# Encrypting an entire partition

## dragonuv

Hi,

I have read a manual that talks about creating a file within a partition and then the user encrypts it and then mounts it everytime he wants to use it.

This time I have an entire partition I want to encrypt, and have decided to do it with LUKS.

My question is are those methods different? do I need to create a file which covers the entire partition and then should I encrypt it and mount it?

Are there any good manuals that talk about it? I'd be grateful if someone could help  :Smile: 

Thanks!

----------

## avx

FullDiskEncryption (or partitions) for that matter, are a little different.

Basically, you create a partition-layout first, i.e. with fdisk (lvm is of course possible), then you encrypt the/a partition, i.e. encrypt /dev/sda2, then you open the encrypted partition, which is then transparently handled by the kernel as (for example) /dev/mapper/sda2. Finally, you create a filesystem on /dev/mapper/sda2 (ie. ext3), mount this and install/work with it as usual.

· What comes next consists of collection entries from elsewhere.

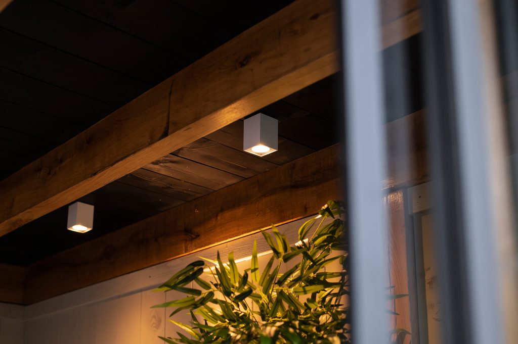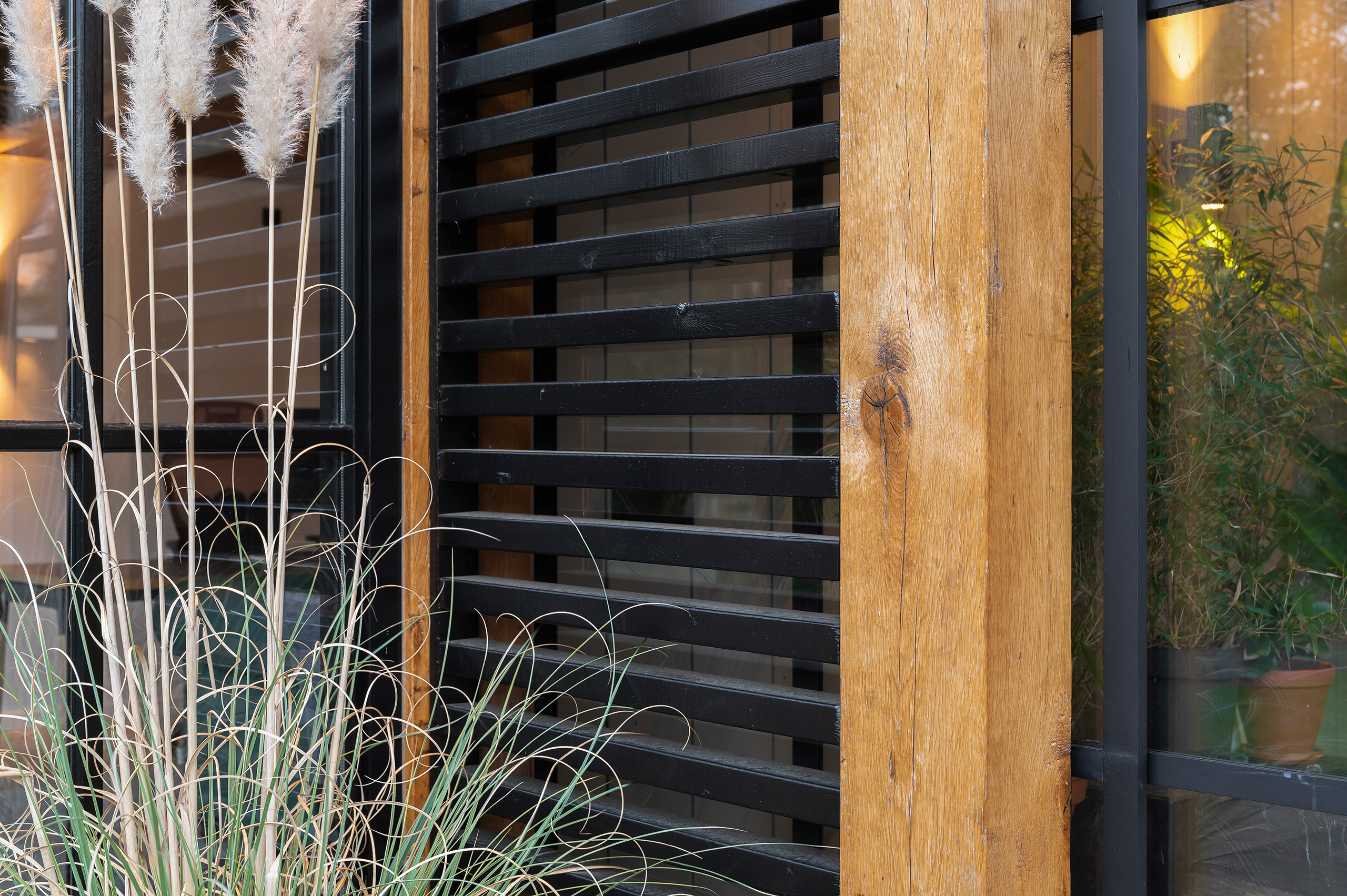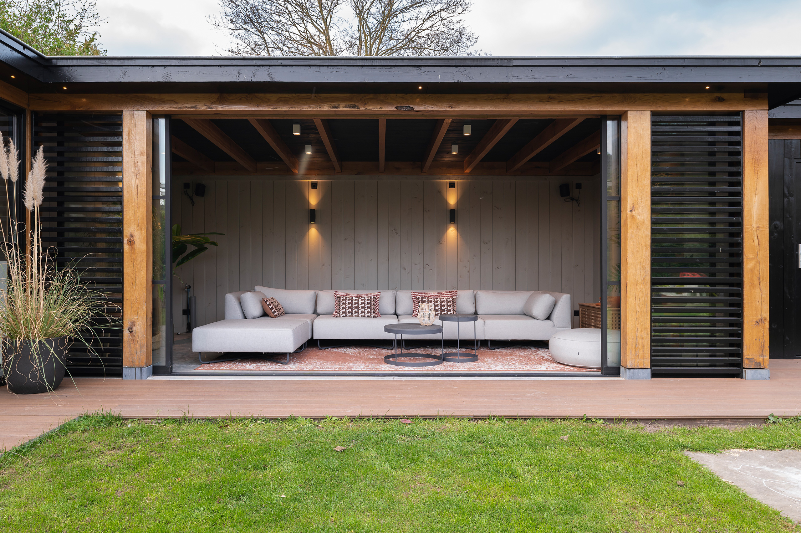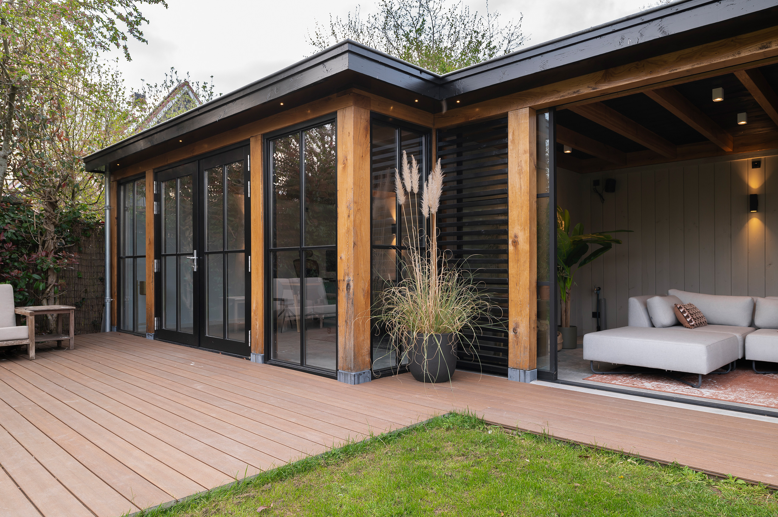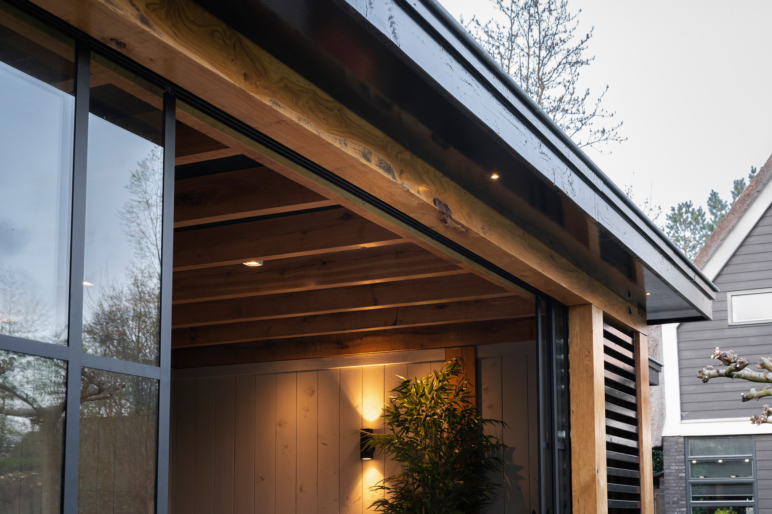 Het tuinverblijf is gebouwd met een eiken gebinte dat een vleugje Stantico stijl toevoegt, zonder de functionaliteit uit het oog te verliezen. Eiken en douglas bekleding dragen bij aan de duurzaamheid en natuurlijke uitstraling van het gebouw. Een vlonder en doordachte verlichting versterken de buitenomgeving en creëren een uitnodigende sfeer.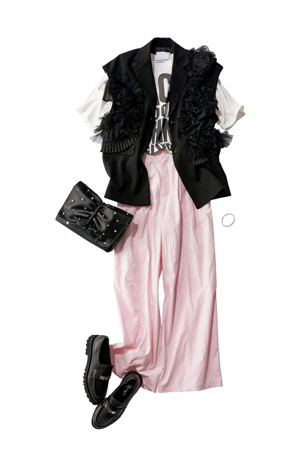 ジレ¥27,500(ラベルエチュード)ロゴTシャツ¥15,400(サードマガジン×キャサリン・ハムネット/THIRD MAGAZINE)パンツ¥11,000(アパートバイ/アダストリア)バッグ¥14,850(ダイアナ/ダイアナ 銀座本店)ローファー¥35,200(銀座かねまつ/銀座かねまつ6丁目本店)バングル¥33,000(ウノアエレシルバーコレクション/ウノアエレ ジャパン)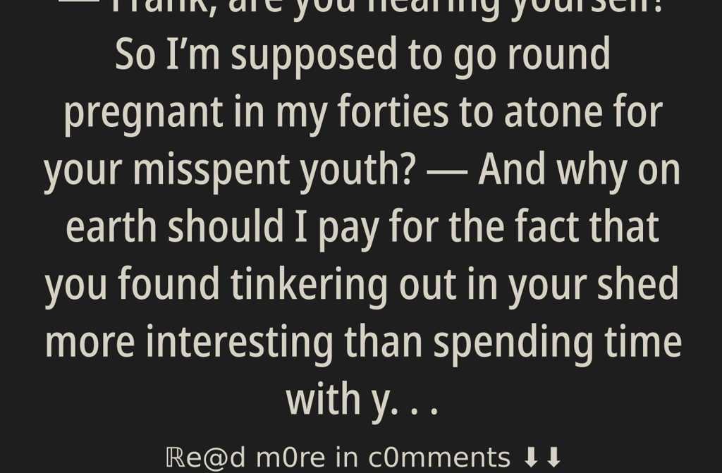 Frank, are you hearing yourself? So Im supposed to go round pregnant in my forties to atone for your misspent youth?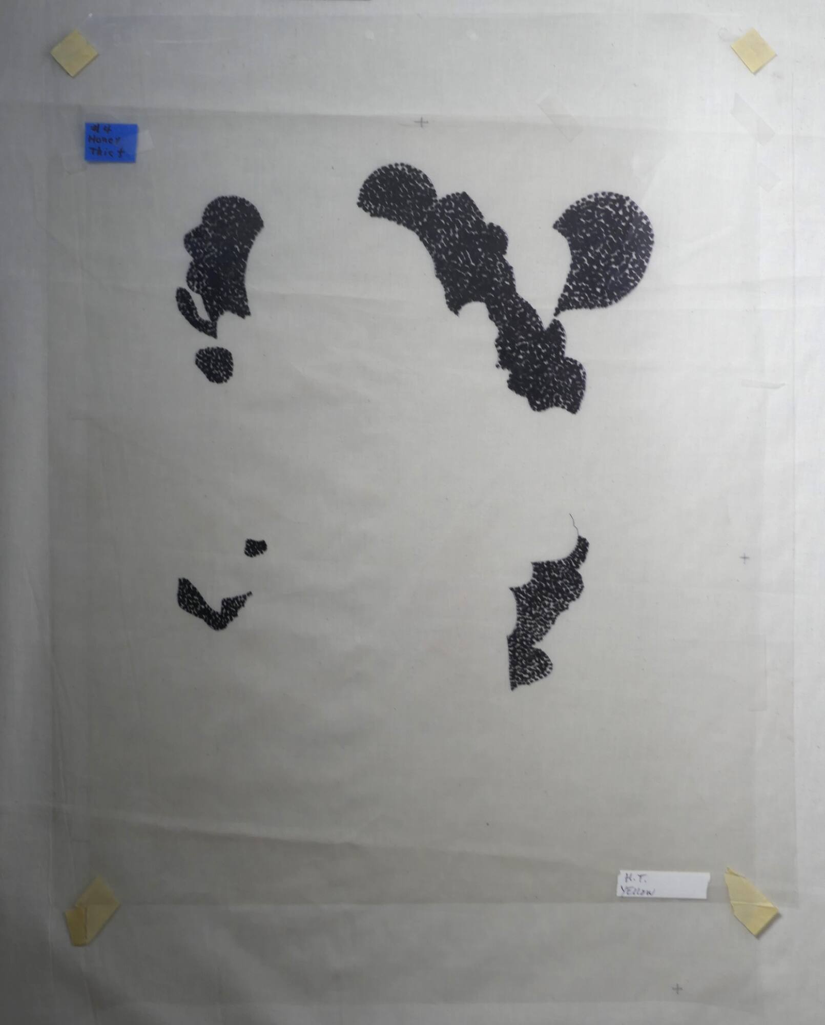DescriptionThis key mylar for "Honey Thief" includes dark amorphous areas composed of tiny dots that surround a void at the center and correspond to the yellow ink in the finished lithograph.Provenance

How you do it exactly depends heavily on what you want to protect and against what. A quite lenghty but good guide can be found here: http://en.gentoo-wiki.com/wiki/DM-Crypt_with_LUKS

If you have further question, please be as specific as possible, we don't want do risk your data, don't we  :Wink: 

----------

## dragonuv

thanks for your reply  :Smile: 

in the guide there is a tip that says  *Quote:*   

> Note: Tip! Using the AES_x86_64 "AMD64 users only":
> 
> as of kernel-2.6.9 the 64bit version of the AES cipher that can be used in replacement of the 32bit AES cipher that's used by default. you must load this module before running the cryptsetup command or else the 32bit AES will be use instead. type "modprobe aes_x86_64" and continue with creation of mappings.
> 
> 

 

So how do I disable the " -*- AES cipher algorithms" in my kernel and use the x86_64 version instead?

My AES cipher algorithms (x86_64) is also built into the kernel

----------

## avx

If I'm not mistaken, if both options are available, the kernel decides, ie if the kernel sees your system supported, it'll use the x64 version.

----------

## salam

I use cryptsetup(dm-crypt). Easy to implement - just one command to create and re-activate, online resizing supported. One password for data filesystems(/home and similar), one for backups on other system. I don't use encrypted rootfs and other system FSs...is it useful? Its just linux like any other similar system.

----------

## Hu

 *salam wrote:*   

> I don't use encrypted rootfs and other system FSs...is it useful?

 That depends on your threat model.  If you are using encryption to guard against the possibility that the hardware will be stolen and its contents disclosed, then no, you probably do not need to encrypt filesystems which do not contain personally generated content[1].  If you are using encryption to guard against someone secretly obtaining the hardware, modifying the software on it, and then returning it to you undetected, then there could be benefit to encrypting all the filesystems, if you take adequate other measures to prevent the installation of malicious hardware/kernels.

[1] Remember to encrypt swap and ensure that there are no user-writable areas not covered by encryption.  It would be unfortunate to discover that you dutifully encrypted /home, then your applications saved temporary files with sensitive data to a persisted /tmp, which the attacker then recovered.

----------

## dragonuv

Does anyone know what this problem mean?

Gentoo user # cryptsetup luksOpen /dev/sdb6 root

Enter passphrase for /dev/sdb6: 

semid 393220: semop failed for cookie 0xd4d5456: incorrect semaphore state

Failed to set a proper state for notification semaphore identified by cookie value 223171670 (0xd4d5456) to initialize waiting for incoming notifications.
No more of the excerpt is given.